Create structured report following output format.

## Output Format

```markdown
# Test Report: {name}

**Type**: {agent|command|skill|hook}
**File**: {path}
**Tested**: {YYYY-MM-DD HH:MM}
**Test Mode**: {read-only|active}

## Summary

{1-2 sentence overview of what was tested and overall results}

## Test Results

**Total Tests**: {count}
**Passed**: {count} ({percentage}%)
**Failed**: {count} ({percentage}%)
**Edge Cases**: {count}

## Functional Tests

### Test 1: {test name}

- **Input**: {test input/query}
- **Expected**: {expected behavior}
- **Actual**: {actual behavior}
- **Status**: PASS | FAIL | EDGE CASE
- **Notes**: {observations}

### Test 2: {test name}

...

## Integration Tests

{If applicable - tests with other customizations}

### Integration 1: {integration name}

- **Components**: {what was tested together}
- **Expected**: {expected interaction}
- **Actual**: {actual interaction}
- **Status**: PASS | FAIL
- **Notes**: {observations}

## Usability Assessment

- **Documentation**: CLEAR | UNCLEAR | MISSING
- **Error Messages**: HELPFUL | CONFUSING | ABSENT
- **Examples**: WORKING | BROKEN | MISSING
- **Overall UX**: EXCELLENT | GOOD | NEEDS WORK | POOR

## Edge Cases Discovered

{Unusual scenarios or boundary conditions found during testing}

1. {edge case 1}
   - **Impact**: {severity}
   - **Recommendation**: {how to handle}

2. {edge case 2}
   ...

## Performance Metrics

{If applicable}

- **Context Usage**: ~{token estimate}
- **Execution Time**: {estimate or N/A}
- **Resource Impact**: LOW | MEDIUM | HIGH

## Failures and Issues

{Detailed analysis of failed tests}

### Failure 1: {test name}

- **Why It Failed**: {root cause}
- **Expected vs Actual**: {specific diff}
- **Fix Recommendation**: {how to resolve}

### Failure 2: {test name}

...

## Recommendations

### Priority 1 (Critical)

{Must-fix issues that prevent functionality}

1. {critical fix 1}
2. {critical fix 2}

### Priority 2 (Important)

{Should-fix issues that impact usability}

1. {important fix 1}
2. {important fix 2}

### Priority 3 (Nice-to-Have)

{Could-fix issues that polish the experience}

1. {enhancement 1}
2. {enhancement 2}

## Next Steps

{Specific actions to address failures and improve tests}
```

## Test Case Examples

For detailed test case examples for skills, agents, commands, and hooks, see [examples.md](examples.md).
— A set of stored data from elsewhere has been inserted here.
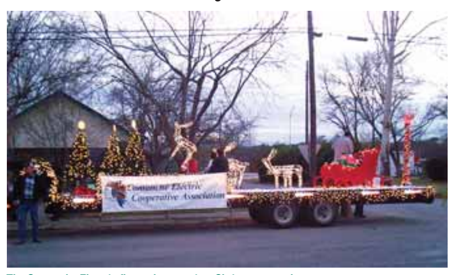
The Comanche Electric float takes part in a Christmas parade.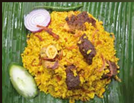
Special Bhuna Khechuri £8.95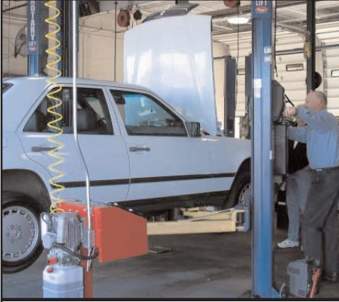
Tech Session - Brown Mercedes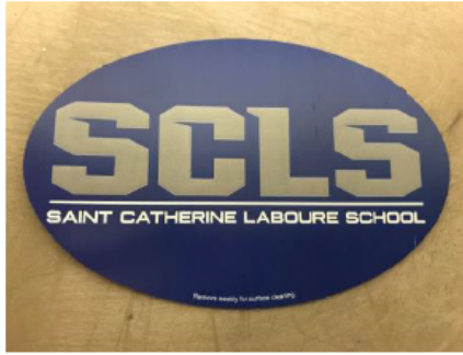
Magnet - $5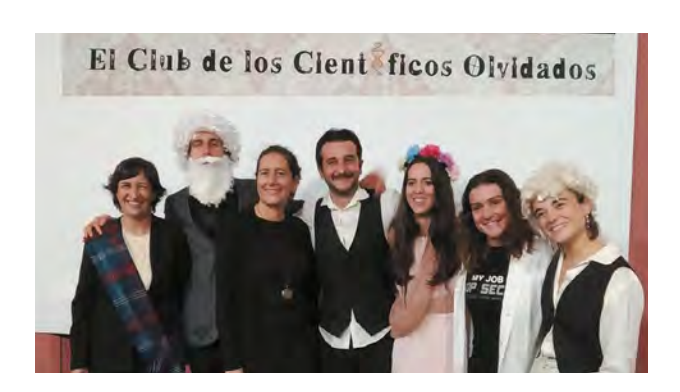
Science Week, 2022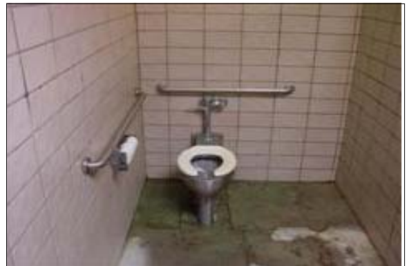
Men's South Restroom

Finding: The flush control on the toilet in the stall designated to be accessible in the restroom is not on the wide (approach) side of the toilet.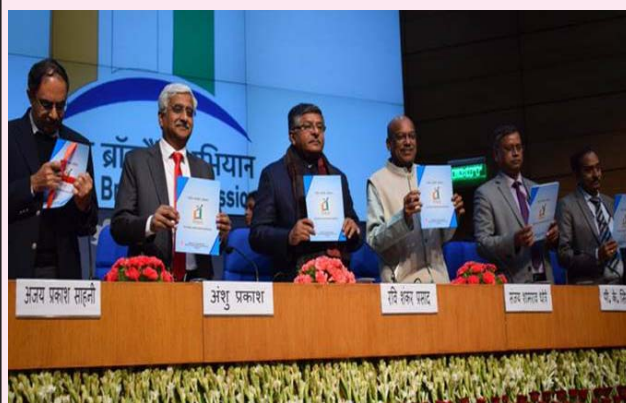
Hon'ble Minister inaugurating National Broadband Mission

On 17 DEC 2019, Shri Ravi Shankar Prasad, Hon'ble Minister of Communications launched the National Broadband Mission (NBM) at an event held at National Media Centre, New Delhi in the presence of Shri Sanjay Dhotre, Hon'ble Minister of State for Communications. On this occasion, Hon'ble MOC released the logo and mission document of NBM. Secretary (T), Industry representatives, officials from various Central Ministries, State Governments, DoT and media persons were also present in the event. NBM Mission is to provide affordable and universal access broadband to all; all villages to have access to Broadband by 2022.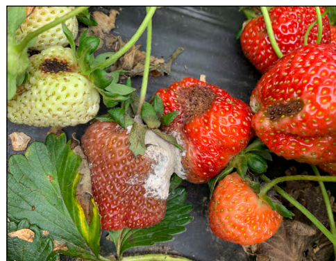
Figure 1. Strawberry fruit infected with Botrytis (grey or white mold) and anthracnose (brown sunken lesions).

Preemptive measures are necessary to prevent significant yield losses from Botrytis and anthracnose fruit rot. While there are several practices that can help lower the incidence and spread of the causal pathogens, cultural practices used alongside fungicide applications will be needed to achieve sustainable management of these diseases. An effective and sustainable fungicide program should be based on an understanding of the life cycle of the targeted pathogen. This will enhance the effectiveness of a program's preventive control through improved application timing, selection of fungicides with high efficacy against the targeted pathogen, as well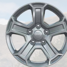
WF9 - 17-Inch Tech Silver Alloy Wheels (Option on Sport S)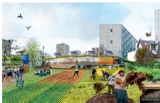
R-URBAN, France, Atelier d'architecture autogérée AAA Category: Research & Initiative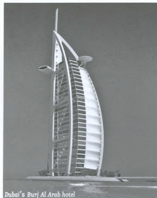
Dubai's Burj Al Arab hotel

Dubai, United Arab Emirates, December 4-6, 2006 > Over the past two years, Cityscape—the international property investment and development event—has featured Canadian engineering and architectural capabilities.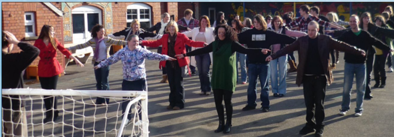
Pyramid Volunteers - 37 volunteers in Barry Island Primary School playground learning games and activities to engage with children in the clubs.

The CFS team in the Vale are working with schools to build positive partnerships with others to address the needs of children and young people out of school hours in the following ways.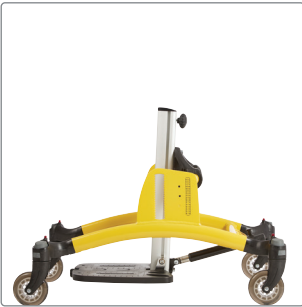
Size 1: Yellow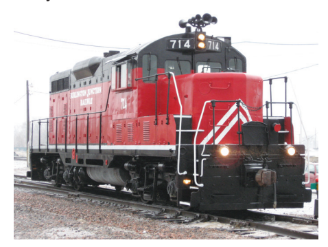
The boom in the oil industry means higher car volumes for the Burlington Junction Railway.

for energy companies," Wingate said. "We help even out flow so trains don't arrive in North Dakota the same day. When things get backed up, they use our yard to hold the trains."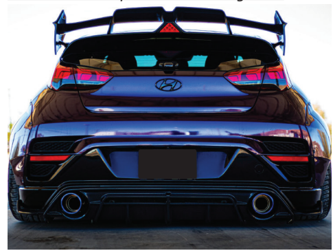
7. Ensure all bolts, nuts, and clamps are properly secured.

4. Insert the injen front pipe hanger into the rubber insulator, then secure the front pipe to the oem exhaust with the provided hardware. Ensure to use the provided exhasut gasket.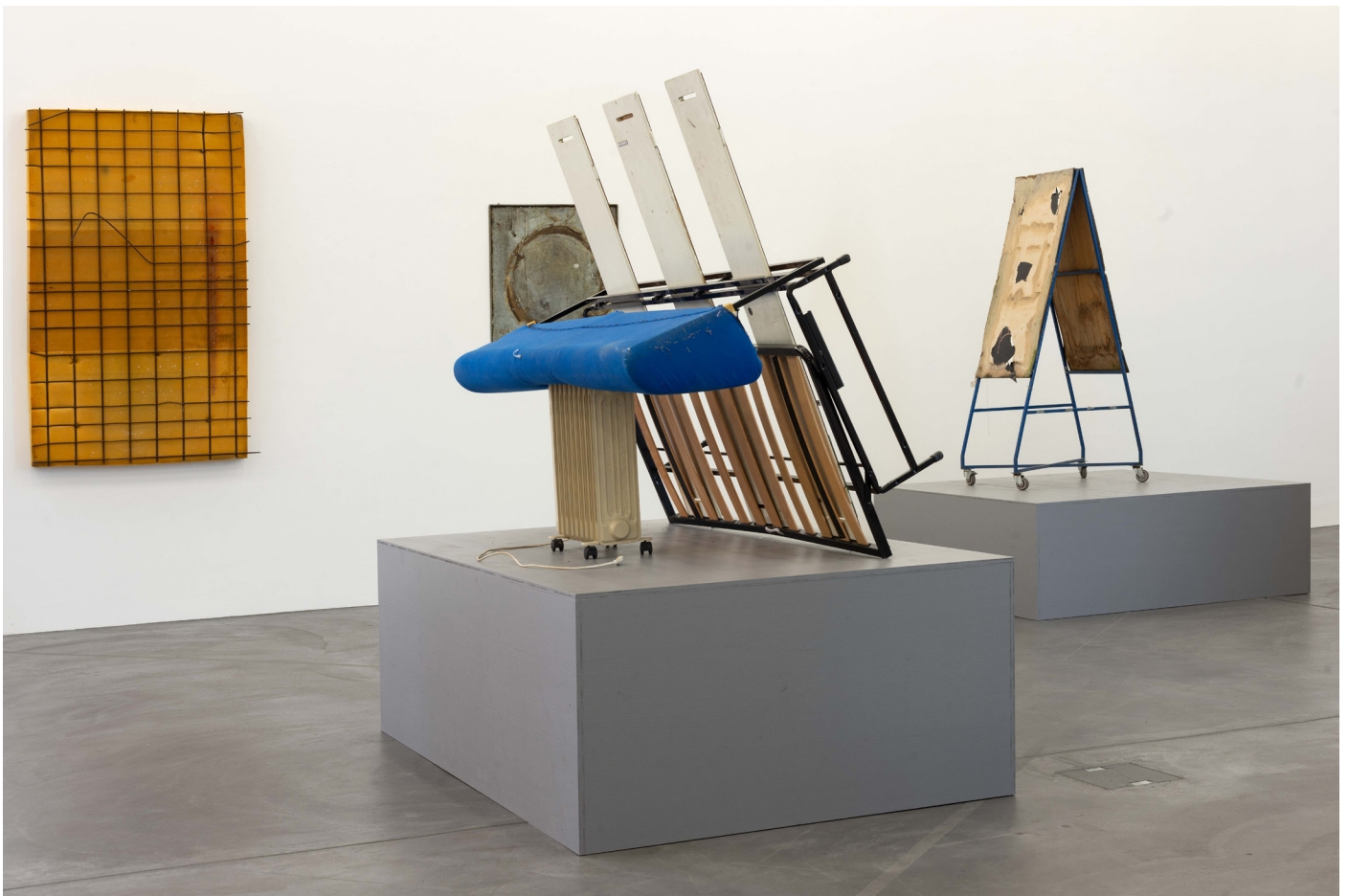
You were created to be so young (self-harm exercise) , 2018, Luma Westbau, Zürich, Switzerland, exhibition view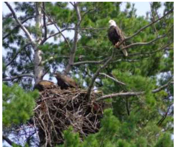
Look for eaglets in their nest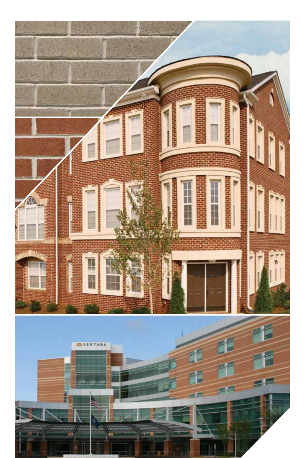
Tan Velour Modular and Oatmeal Velour Modular

Other brick options range from traditional reds and earth tones to pastel pinks, misty grays, browns and deep burgundies. In addition, we provide smooth to heavily-textured bricks that can help you create any look you desire.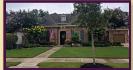
Section 6: 6215 Logan Creek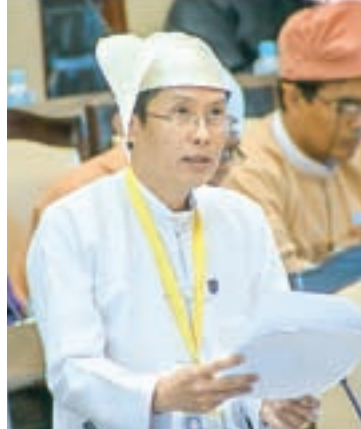
Deputy Minister for Electric Power and Energy Dr Tun Naing.

OVER 31,000 households in the towns of Minbya, Pauktaw, Kandaunggyi, Kyaukpuru and Tuttaung in Rakhine State will be supplied with electricity starting from early 2017, Deputy Minister for Electric Power and Energy Dr Tun Naing told the Amyotha Hluttaw session yesterday.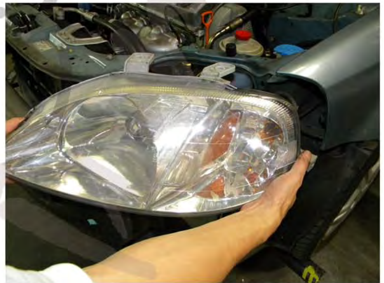
14. Pull out the headlight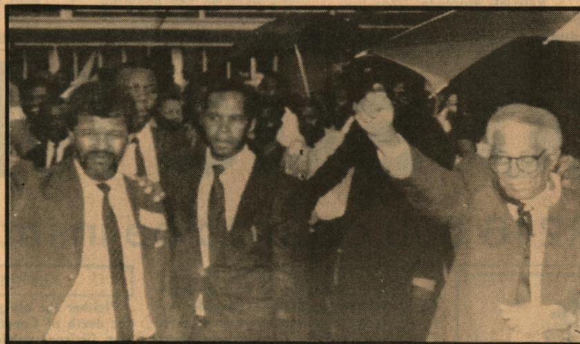
WALTER Sisulu (right) raises a clenched fist after meeting his son Max (left) shortly after the arrival of the ANC leaders in Lusaka.

During the familiarisation procedure, the media tactic was to latch on to a friendly ANC official — grab a terrorist, as some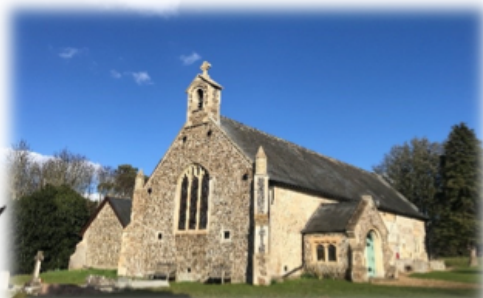
St Andrews, Aldringham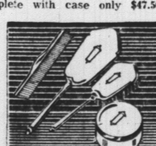
Dresser Sets — a useful and wanted gift — in chrome or sterling from $14.95 up.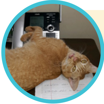
"Kit" helped with the phone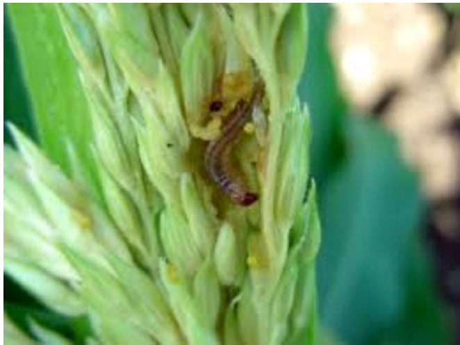
ECB feeding on emerging tassel

## Best Practices for Testing

1. **Test Both Paths**: Success cases AND failure cases
2. **Edge Cases Matter**: Test boundaries and unusual inputs
3. **Clear Expected Behavior**: Document what should happen
4. **Realistic Queries**: Use natural language users would actually type
5. **Integration Testing**: Don't just test in isolation
6. **Performance Aware**: Note if tests are slow or heavy
7. **Regression Testing**: Re-test after changes
8. **Document Failures**: Explain why tests failed, not just that they did
9. **Actionable Recommendations**: Provide specific fixes
10. **Version Testing**: Note which version was tested

## Common Test Failures

For a catalog of common failure patterns by customization type, see [common-failures.md](common-failures.md).

## Tools Used

This skill uses these tools for testing:

- **Read** - Examine customization files
- **Write** - Generate and save test reports to files
- **Grep** - Search for patterns and configurations
- **Glob** - Find files and customizations
- **Bash** - Execute read-only commands for analysis
- **Skill** - Invoke skills for active testing

In read-only mode (default), no customizations are actually invoked - the skill analyzes configurations and documentation to assess expected behavior. In active mode, skills are invoked with test queries to verify actual behavior.

Test reports are written to `~/.claude/logs/evaluations/tests/` using the Write tool.